At the same time, a revolutionary change was occurring in the techniques of French organ performance. The German organist Adolf Hesse (1809-1863), a student of J.S. Bach's biographer Johann Nikolaus Forkel, had demonstrated in 1844 in Paris the pedal technique which (together with a German-style pedal board) made the performance of J.S. Bach's works possible. This was totally outside the scope of the kind of playing which César Franck had learned from Benoist at the Conservatoire; most French organs did not have the pedal board notes required for such work, and even France's own great classical organ tradition dating from the period of the Couperins was at that time neglected in favour of the art of improvisation. Hesse's performances might have been treated simply as a short sensation for their dazzling virtuosity, but that Hesse's pupil Jacques-Nicolas Lemmens (1823-1881) came to Paris in 1852 and again in 1854. Lemmens was then professor of organ at the Royal Conservatory of Brussels, and was not only a virtuoso performer of J.S. Bach but a developer of organ teaching methods with which all organists could learn to play with precision, clarity, and legato phrasing. Franck appeared on the same inaugural concert program as Lemmens in 1854, much admiring not only the classic interpretation of J.S. Bach but also the rapidity and evenness of Lemmens's pedal work. Vallas states that Franck, pianist before he was organist, "never wholly acquired the legato style himself"; nevertheless he realized the expansion of organ style made possible by the introduction of such techniques and set about the task of mastering them.

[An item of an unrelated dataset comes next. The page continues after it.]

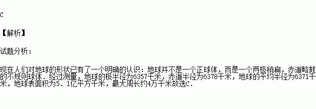 C.地球平均半径约4万千米,赤道周长约6371千米

Titulaire of Sainte-Clotilde (1858-1872)

In this he was both challenged and stimulated by his third and last change in organ posts. On January 22, 1858, César Franck became organist and maître de chapelle at the newly-consecrated Sainte-Clotilde (from 1896 the Basilique-Sainte-Clotilde), where he remained until his death. Eleven months later, the parish installed a new three-manual Cavaillé-Coll instrument, whereupon he was made titulaire, Théodore Dubois taking over as choirmaster and assistant organist. The impact of this organ on Franck's performance and composition cannot be overestimated; together with his early pianistic experience it shaped his music-making for the remainder of his life. Norbert Dufourcq described this instrument as "unquestionably the constructor's masterpiece up to this time". Franck himself told the curé of Sainte-Clotilde: "If you only knew how I love this instrument . . . it is so supple beneath my fingers and so obedient to all my thoughts!". To prepare himself for this organ's capabilities (including its thirty-note pedal), Franck purchased a practice pedalboard from Pleyel et Cie for home practice to improve his pedal technique, as well as spending many hours at the organ keyboard. The beauty of its sound and the mechanical facilities provided by the instrument assisted his reputation as improviser and composer, not only for organ music but in other genres as well. Pieces for organ, for choir, and for harmonium began to circulate, among the most notable of which is the Messe à 3 voix (1859). The quality of the movements in this work, composed over a number of years, is uneven, but from it comes one of Franck's most enduring compositions, the communion anthem Panis angelicus. More notable still is the set of Six Pièces for organ, written 1860-1862 (although not published until 1868). These compositions (dedicated to fellow organists and pianists, to his old master Benoist, and to Cavaillé-Coll) remain part of modern organ repertory and were, according to Rollin Smith, the first major contribution to French organ literature in over a century, and "the most important organ music written since Felix Mendelssohn's." The group includes two of his best-known organ works, the Prélude, Fugue, et Variation, Op. 18 and the Grande Pièce Symphonique, Op. 17.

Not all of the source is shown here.